Acaban. Trémulos y jadeantes. K lo va trepando extenuada
y como una mantis colorina le acerca las fauces a la nuca. La boca abierta en
O. El catedrático se estremece. Cierra los ojos.
Un beso sopapita en el cogote, el índice juguetón y profundo recorriendo la raya del
culo, y un susurro afónico:
Agradezco
Tedesco…
Apolo está orondo con el capítulo. Ansioso por
sentir de nuevo el raro estado, la miserable sensación del éxito. Lo tiene
listo el jueves, y a salvo en la caja fuerte tumbera, un rollito en tubo de
caña colihue en discreto embute trasero. Llega el viernes, intenta el reparto
pero resulta imposible, la consigna oficial es tener a los convictos siempre a
la vista. No consigue desmarcarse en todo el día.

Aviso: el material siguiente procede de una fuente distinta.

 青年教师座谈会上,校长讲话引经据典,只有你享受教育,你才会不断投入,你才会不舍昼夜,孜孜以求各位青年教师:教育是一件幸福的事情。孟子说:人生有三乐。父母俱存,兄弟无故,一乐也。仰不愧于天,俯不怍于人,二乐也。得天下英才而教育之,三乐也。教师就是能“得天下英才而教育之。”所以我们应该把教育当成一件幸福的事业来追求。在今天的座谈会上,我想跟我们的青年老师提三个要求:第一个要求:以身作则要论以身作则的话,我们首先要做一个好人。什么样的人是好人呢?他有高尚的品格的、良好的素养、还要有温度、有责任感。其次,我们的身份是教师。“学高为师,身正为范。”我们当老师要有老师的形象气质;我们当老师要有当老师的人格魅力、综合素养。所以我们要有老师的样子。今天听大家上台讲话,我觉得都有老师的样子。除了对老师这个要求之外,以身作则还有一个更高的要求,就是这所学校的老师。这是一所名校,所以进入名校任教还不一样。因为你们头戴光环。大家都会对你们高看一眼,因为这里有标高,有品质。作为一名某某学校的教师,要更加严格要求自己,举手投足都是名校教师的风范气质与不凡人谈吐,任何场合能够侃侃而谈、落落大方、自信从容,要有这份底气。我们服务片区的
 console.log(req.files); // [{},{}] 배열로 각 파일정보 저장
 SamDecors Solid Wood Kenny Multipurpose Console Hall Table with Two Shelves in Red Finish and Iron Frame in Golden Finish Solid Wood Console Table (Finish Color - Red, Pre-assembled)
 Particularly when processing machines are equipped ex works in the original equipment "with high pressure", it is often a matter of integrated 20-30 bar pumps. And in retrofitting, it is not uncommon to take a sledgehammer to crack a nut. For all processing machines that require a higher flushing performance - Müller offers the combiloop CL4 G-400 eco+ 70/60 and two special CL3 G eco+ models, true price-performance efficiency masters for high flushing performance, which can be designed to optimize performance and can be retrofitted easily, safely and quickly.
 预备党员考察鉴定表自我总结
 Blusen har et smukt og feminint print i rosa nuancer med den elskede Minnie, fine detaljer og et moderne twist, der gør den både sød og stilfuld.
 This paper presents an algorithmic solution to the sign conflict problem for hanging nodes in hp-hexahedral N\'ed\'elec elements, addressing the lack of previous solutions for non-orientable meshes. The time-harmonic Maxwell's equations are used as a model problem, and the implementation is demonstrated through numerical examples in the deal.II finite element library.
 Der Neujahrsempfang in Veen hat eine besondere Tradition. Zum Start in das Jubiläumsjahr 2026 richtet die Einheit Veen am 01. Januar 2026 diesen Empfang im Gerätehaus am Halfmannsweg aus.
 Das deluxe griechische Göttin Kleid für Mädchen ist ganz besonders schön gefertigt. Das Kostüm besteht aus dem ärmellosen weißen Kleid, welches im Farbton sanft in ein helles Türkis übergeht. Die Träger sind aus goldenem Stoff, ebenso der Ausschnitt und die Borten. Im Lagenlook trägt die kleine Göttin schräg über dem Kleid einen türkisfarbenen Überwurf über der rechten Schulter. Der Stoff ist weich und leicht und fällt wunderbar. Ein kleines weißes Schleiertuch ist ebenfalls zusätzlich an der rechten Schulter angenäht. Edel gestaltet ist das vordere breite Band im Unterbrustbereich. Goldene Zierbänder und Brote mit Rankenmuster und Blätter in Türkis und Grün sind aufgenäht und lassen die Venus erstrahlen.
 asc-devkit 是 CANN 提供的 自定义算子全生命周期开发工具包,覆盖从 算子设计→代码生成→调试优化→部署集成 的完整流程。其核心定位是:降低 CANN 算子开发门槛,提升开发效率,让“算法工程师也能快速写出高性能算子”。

Anochece y los reclusos se empiezan
a preocupar por el faltazo. Como la yerba, como el tabaco, Konsuelo se ha
vuelto primera necesidad. Es sexo y es rumbo. Y es somnífero además. Cómo llamar
al sueño ahora sin ella: Konsuelo es su valeriana, su vasito de tinto; el sedante
narcótico manual.
Prebendas de olfa, el escribiente goza permiso
vespertino, para volver al aula y dejarla lista. La señora maestra no para de
mostrarlo como ejemplo de superación, y de darle alicientes. Menta acepta los privilegios,
los estímulos públicos al yeserito esforzado cara de boludo, que son tapadera
perfecta y alejan de él toda sospecha. Aprovecha esa tarde el permiso. Sale de
la celda cuando el sol ya está cayendo y marcha hacia la escuela con los
cuadernillos preparados. Los últimos atareados van y vienen antes de la retreta.

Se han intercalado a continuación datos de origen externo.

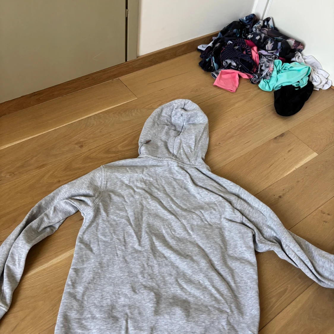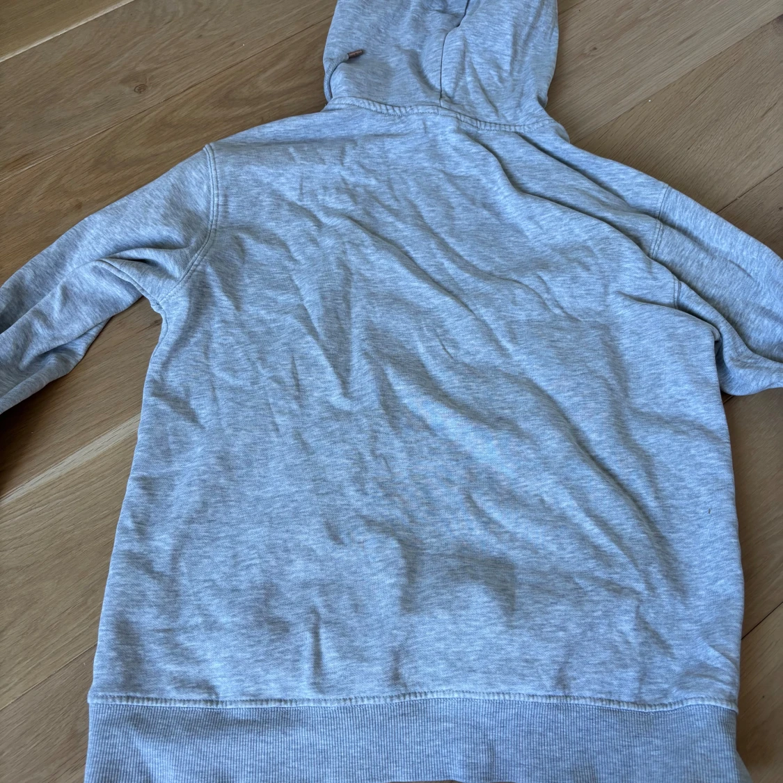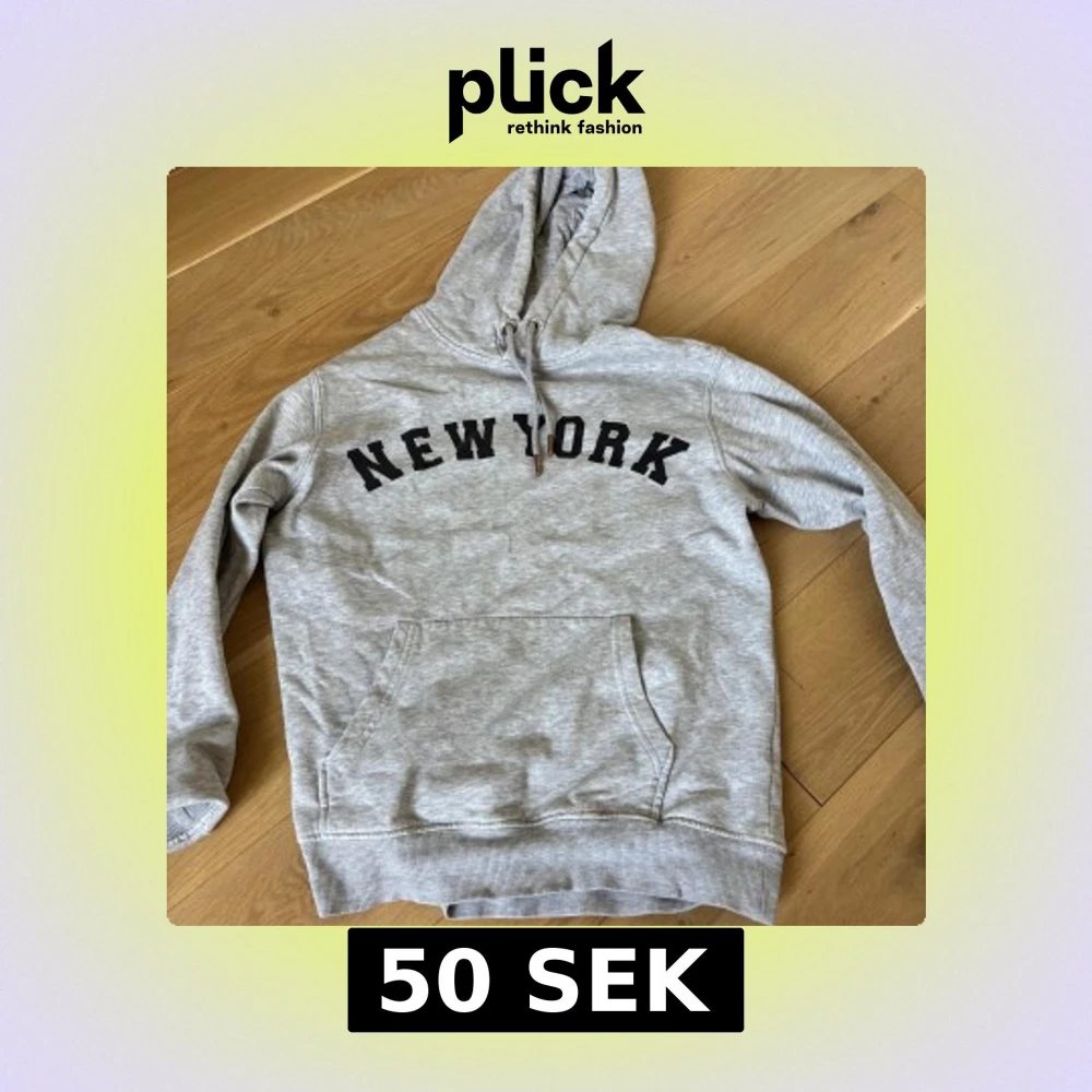 Snygg grå hoodie med svart 'NEW YORK'-text över bröstet. Tröjan har huva med snörning, magficka och ribbade muddar. Perfekt för chill dagar eller när du vill ha en avslappnad streetstyle-look.

Va sembrando folletines al paso, disimulándolos en rincones y huecos. Alcanza a
esconder tres. Va a ocultar el último y sucede. Levanta la vista y lo ve: un
guardia con prismáticos desde la torre lo viene siguiendo en el escamoteo. Calvito
Unzaín, el más agrio de todos. Sus miradas se cruzan. Se derrama en un segundo
el pequeño imperio de tinta y semen. Un charquito. Menta aterrado regresa a la
celda. Descuenta que en esa misma noche lo vendrán a buscar. Se prepara
temblando. No pega un ojo. Cada ruido es la custodia que viene a retirarlo. Pero
no. Tal vez el guardia había alcanzado a leer alguna de las historias, piensa,
tal vez, por qué no, se había vuelto también él devoto de la comunera.
Los peculiares encastres son un suceso. Un éxito de
varias temporadas. No habrá favor sexual desde ese día que no lo traiga de
vuelta. Al camastro, a las duchas o al retrete: Agradezco Tedesco.

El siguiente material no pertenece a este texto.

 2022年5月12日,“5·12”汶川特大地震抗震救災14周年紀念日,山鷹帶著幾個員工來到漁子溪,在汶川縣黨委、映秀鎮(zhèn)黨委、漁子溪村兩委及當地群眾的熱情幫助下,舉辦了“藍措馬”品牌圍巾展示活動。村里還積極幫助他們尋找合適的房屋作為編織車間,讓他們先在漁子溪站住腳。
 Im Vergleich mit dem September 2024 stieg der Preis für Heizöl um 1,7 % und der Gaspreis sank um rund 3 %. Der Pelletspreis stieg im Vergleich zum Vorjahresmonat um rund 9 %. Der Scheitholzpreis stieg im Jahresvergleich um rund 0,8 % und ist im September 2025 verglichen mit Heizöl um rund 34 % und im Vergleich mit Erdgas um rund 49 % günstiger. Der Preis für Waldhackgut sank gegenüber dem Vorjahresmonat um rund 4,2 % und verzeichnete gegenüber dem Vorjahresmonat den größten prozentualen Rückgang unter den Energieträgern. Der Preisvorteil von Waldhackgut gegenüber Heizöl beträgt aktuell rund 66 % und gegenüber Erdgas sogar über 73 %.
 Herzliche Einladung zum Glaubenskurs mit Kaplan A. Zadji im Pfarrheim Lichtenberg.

El arrebato lo pone todopoderoso. Eufórico en soledad.
Sufre ahora como nunca el anonimato, el deseo penetrante de salir a gritarlo: ¡Soy yo; Konsuelo soy yo! Para qué sirve
el renombre sin nombre. Para qué el lustre si te ven opaco. De qué sirve ser el
autor adorado si a la píldora no te la dora nadie. Si no hay reverencia ni
galardón, si no se sale a saludar como los farsantes del Politeama, con humildad
de utilería, sonrisa de cartapesta y manito al corazón.
¡Turba
que se masturba, Konsuelo soy yo!
En esa angustia contradictoria se le van los días,
sigue publicando, sigue ganando manos fervorosas, olvida de a ratos lo de Calvito.
A veces el día entero consigue olvidarlo. ¿Sucedió lo de Calvito?
Es ahí, justo ahí que aparece.
Él.
Menta lo recuerda luego como un sueño. Un déjà vu
pero al revés.
Sale al recreo sanitario una mañana y lo bloquean
dos guardias. Tan precisos que aterran. Uno se lleva disimulado su zambullo al pozo y
el otro lo conduce hacia adentro. Hacia lo profundo. Tres arcos de rejas sucesivos.
Descienden. Sabe bien lo que le espera. No hay recreo en el que alguien no lo
mente con voz temblorosa. El calabozo más osco y más oscuro, más húmedo y más estrecho.
Enterrado en vida. Camina temblando. Se le aflojan las piernas un par de veces.
Bajan y bajan. Hacia el centro mismo del centro de la prisión, a su matriz
penal.
El pasillo se angosta. Un
recodo y aparece la puerta. Alguien los aguarda tras la mirilla.
Llega desde adentro por
la abertura un aroma incoherente. Estremecedor.
Colonia Lavanda La
Franco Inglesa.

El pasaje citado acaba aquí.